Mois de mai : Les autres films au cinéma - partie 1

La Saison des Femmes :

Un film sublime. Vraiment sacrément foutrement sublime de fils de gigolo. La vie épisodique de quatre femmes en Inde. Elles sont définies telles quelles par la société : une veuve, une mariée qui ne peut avoir d'enfants, une nouvelle mariée honteuse aux cheveux rasés, et une danseuse/pute. Qui sont-elles ? Des femmes. Des vraies personnes, complexes et riches, attachantes et émouvantes, contrastées, pleine de beauté et d'imperfections. Des êtres humaines. Le film est absolument horrible, c'est Game of Thrones version la vraie vie, mais il a une force incroyable. L'esthétisme de l'image et des couleurs et des costumes rend criant la violence qui s'y déroule, tandis que les femmes se débattent encore et encore dans l'espoir de vivre. Du girl power qui tâche, du vrai, et avec du style. Bravo, encore et encore et encore s'il vous plait.

Un Homme à la Hauteur

Virginie Efira rencontre l'homme presque parfait ; c'est Jean Dujardin, sauf qu'il mesure 1m36. Ce film aurait pu être outrageusement offensant, il ne l'est dans son contenu qu'un tout petit peu (dans son approche par contre, rétrécir numériquement Dujardin... moins), mais au final il est simplement d'un ennui gigantesque. C'est bien simple, la seule manière de rendre le film intéressant, c'est d'en retirer l'intégralité de ses personnages pour ne garder que celui de Virginie Efira, car cette femme est parfaite, drôle et touchante dans tout ce qu'elle fait.

Money Monster :

Présenté à Cannes en hors compétition et dans nos salles depuis jeudi, le nouveau film de Jodie Foster est tout bonnement un excellent film de genre, qui s'appuie sur des sujets qui nous touchent mais tout en servant une narration qui se veut clairement fictionnelle. Un présentateur télé qui fait une émission excentrique sur la bourse se fait prendre en otage pendant une émission par un téléspectateur qui a perdu tout son argent sur un mauvais coup. C'est assez classiciste (on reconnaît l'époque cinéma dans laquelle Foster a grandi) tout en étant très moderne et dynamique au niveau du rythme et du montage, ce qui fait qu'on ne s'ennuie jamais. L'atout majeur du film, c'est d'avoir George Clooney en présentateur : son star power si unique fait de lui un modèle parfait pour le rôle, et donne à l'oeuvre une dimension supérieur.
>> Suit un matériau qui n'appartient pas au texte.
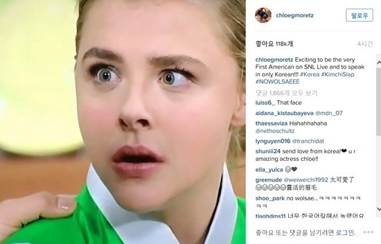 클로이 모레츠는 6일 오전(한국시간) 자신의 인스타그램을 통해 "Exciting to be the very First American on SNL Live and to speak in only Korean!!! #Korea #KimchiSlap #NOWOLSAEEE"이라는 글을 올렸다.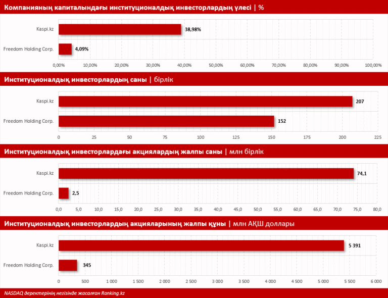 Kaspi.kz капиталындағы институционалдық инвесторлардың үлесі 38,98%-ға жетеді, бұл нарықтағы кәсіби қатысушылардың жоғары қызығушылығын көрсететін маңызды көрсеткіш болып табылады, ал Freedom Holding Corp. компаниясында бұл көрсеткіш небәрі 4,09%-ды құрайды, яғни, институционалдық инвесторлардың қатысуының минималды екенін білдіреді.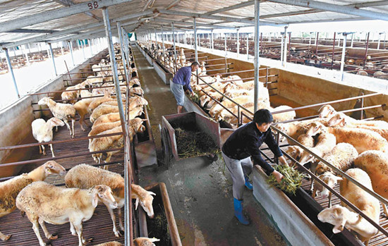 近日,在省標(biāo)準(zhǔn)化養(yǎng)殖示范基地——廬江縣祥瑞養(yǎng)殖有限公司里,工人正在按標(biāo)準(zhǔn)化養(yǎng)殖法給湖羊喂草。今年,該縣冶父山鎮(zhèn)依托“祥瑞”公司成立了湖羊養(yǎng)殖扶貧產(chǎn)業(yè)園,采取“龍頭企業(yè)+合作社+貧困戶”的模式,讓貧困戶每年收獲保底紅利4000元,幫助557戶貧困戶踏上養(yǎng)羊脫貧路。通訊員 周躍東 攝
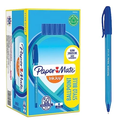 Smooth, glossy ink keeps your thoughts flowing and takes the drag out of writing Reliable and smooth to write clean lines from beginning to end 0.5mm ultra fine tip for precise, fluid writing Colourful ink in your choice of 10 vivid shades adds fun to every page Includes: 50 blue ballpoint pens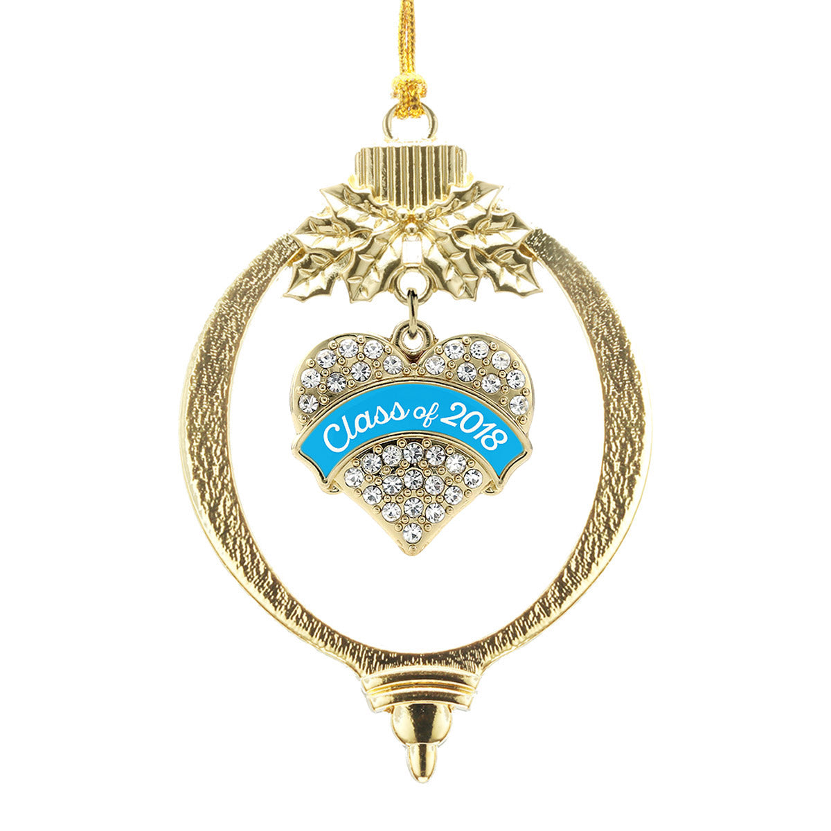 Gold Class of 2018 - Blue Pave Heart Charm Holiday Ornament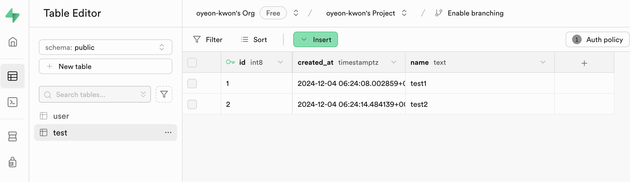 그리고 supabase 웹 사이트에서 자체적으로 테스트용 테이블들을 생성해서 row 들을 추가해 두었다.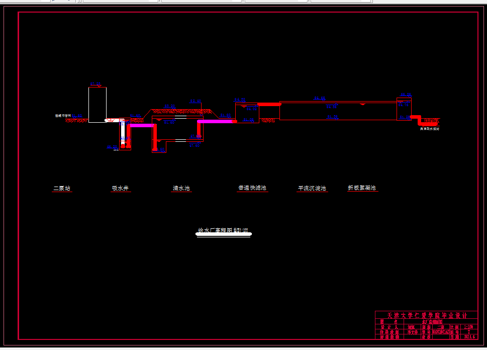 关键词:折板絮凝池;平流沉淀池;普通快滤池;消毒;清水池;二泵站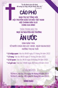 - Lễ Di Quan: Vào lúc 8h / 8/4/2022 Chủ lễ – Mục sư Nguyễn Quang Đức – Hội trưởng HTGCĐ VN. Hướng dẫn : Mục sư Nguyễn Khắc Xuân – UVBTSTH.
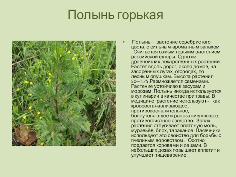 Считается самым горьким растением российской флоры. Одно из древнейших лекарственных растений. Растёт вдоль дорог, около домов, на засорённых лугах, огородах, по лесным опушкам. Высота растения 50—125.Размножается семенами. Растение устойчиво к засухам и морозам. Полынь иногда используется в кулинарии в качестве приправы. В медицине растение используют - как кровоостанавливающее, противовоспалительное, болеутоляющее и ранозаживляющее, противоглистное средство. Запах растения отпугивает платяную моль, муравьёв, блох, тараканов. Пасечники используют это свойство для борьбы с пчелиным воровством . Охотно поедается коровами и овцами. В небольших дозах повышает аппетит и улучшает пищеварение.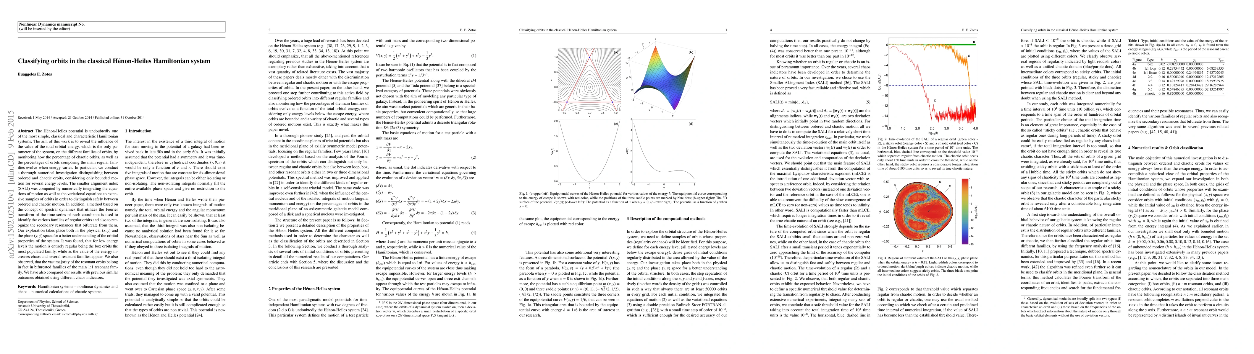 This paper investigates the Hénon-Heiles Hamiltonian system, focusing on how varying total orbital energy influences the classification of orbits into regular and chaotic families. Through numerical analysis using the smaller alignment index and spectral dynamics, it reveals that low energy levels predominantly feature regular box orbits, while higher energy levels introduce chaos and resonant families, with most resonant orbits originating from bifurcations of the main 1:1 resonant family.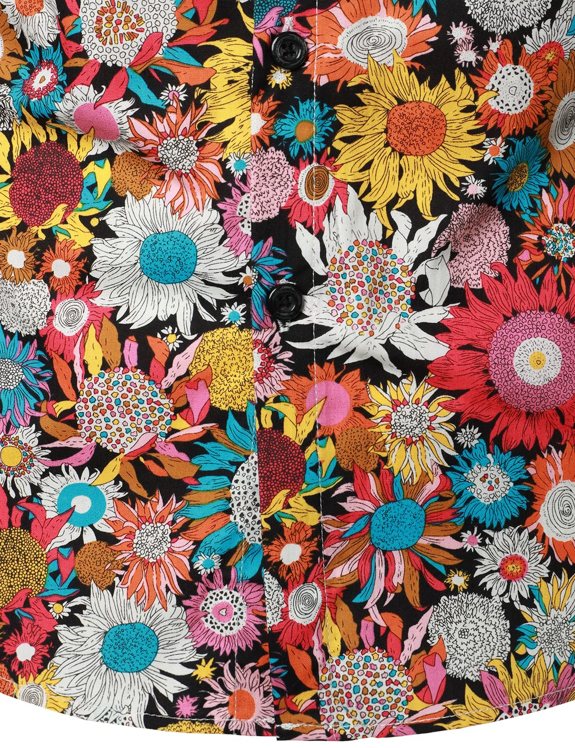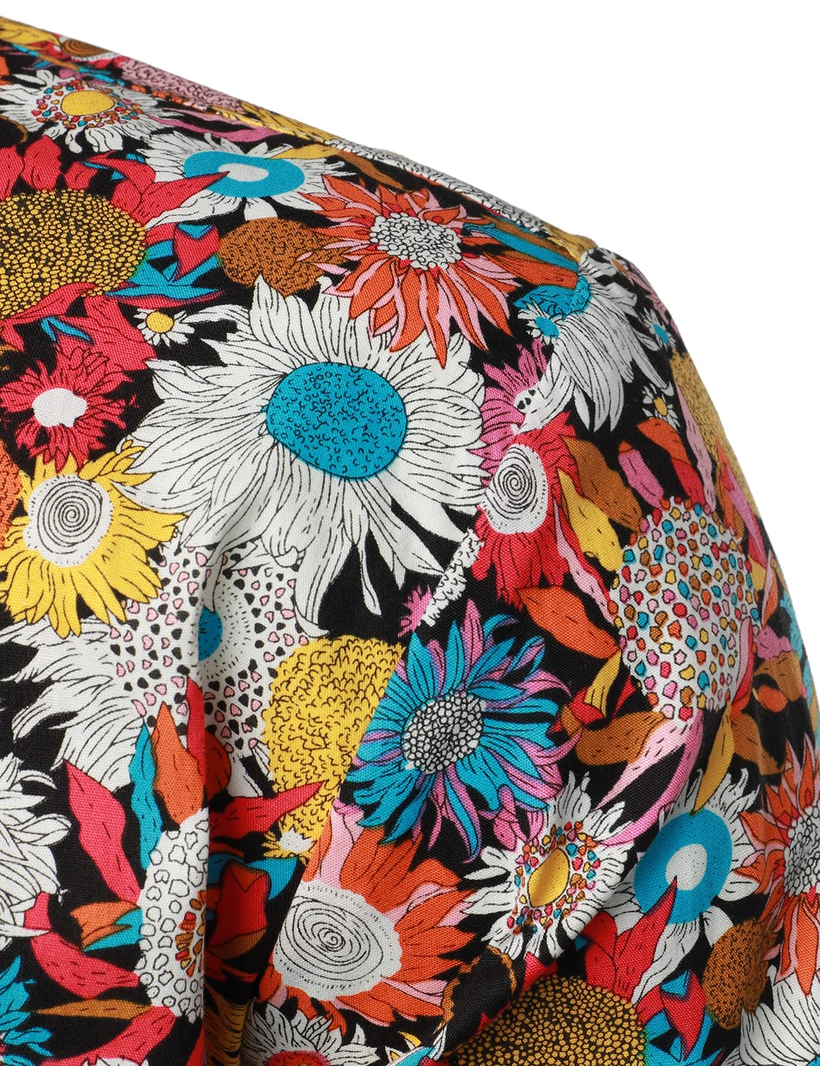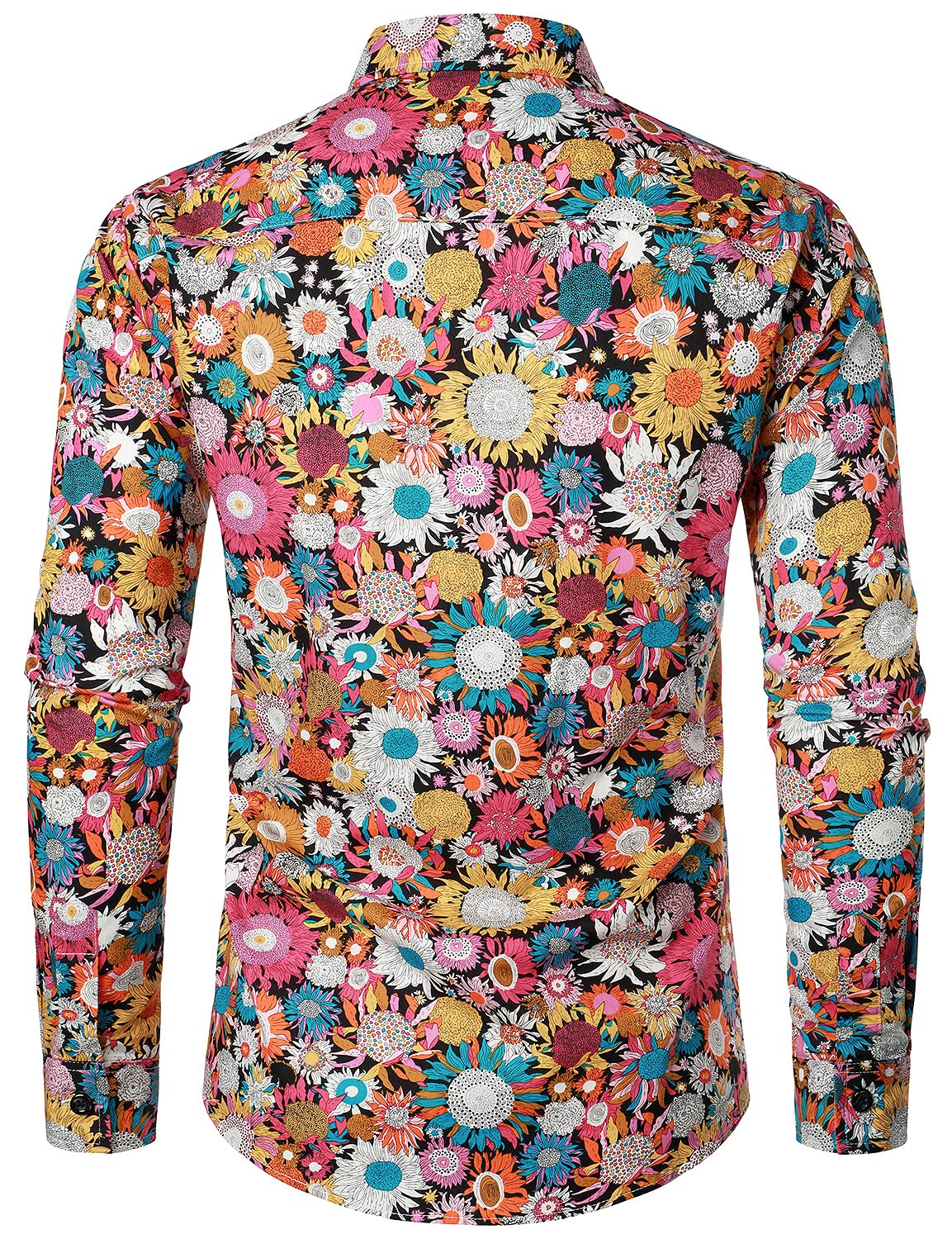 Men's Floral Print Cotton Flower Button Up 70s Long Sleeve Dress Shirt

Plein de supers personnages secondaires (notamment le caméraman Lenny qui est merveilleux), une Julia Roberts en pleine forme, de la tension non stop pendant cent minutes. Que demande le peuple ?
Le seul défaut peut-être, c'est - et c'est étrange pour une actrice - le peu de place qui est accordé aux acteurs pour exprimer leur jeu. Tout le monde est au service de l'histoire finalement, mais sans que qui que ce soit ait le temps de tirer la couverture à lui.

The Nice Guys :

Il est enfin arrivé, le nouveau film de Shane Black. Scénariste star qui a révolutionné les films d'action dans les années 80 puis 90, il a finit par renier la quasi totalité de son travail, massacré lors de leur passage à la pellicule selon lui. Depuis, il s'est fait une petite jeunesse en devenant réalisateur et accouche ici d'un troisième film ; après Kiss Kiss Bang Bang et Iron Man 3 (le meilleur film du MCU et j'assume), voilà The Nice Guys. C'est tout simplement un polar façon fiction pulp, sur un duo de détectives un peu ratés mais très marrants. Russel Crowe et Ryan Gosling sont merveilleux et extrêmement drôles, surtout dans leur dynamique avec la fille de ce dernier ; c'est la petite originalité du film que de rajouter au buddy cop duo une adolescente qui n'a jamais besoin d'être sauvée et qui est en fait une sorte d'équivalent de la nièce dans Inspecteur Gadget. C'est macho mais pas trop, c'est violent mais pas trop, l'histoire est monstrueusement compliqué et les gags fusent aussi vite que des balles. Le point fort comme toujours chez Shane Black : les scènes d'action, toujours astucieuses et inattendues. Dans un genre aussi poussiéreux, heureusement que des auteurs comme lui existe pour nous surprendre à chaque revers. Un vrai ptit bijou.

mercredi 11 mai 2016

[Cannes] Café Society : Oh mon dieu la caméra a bougé !!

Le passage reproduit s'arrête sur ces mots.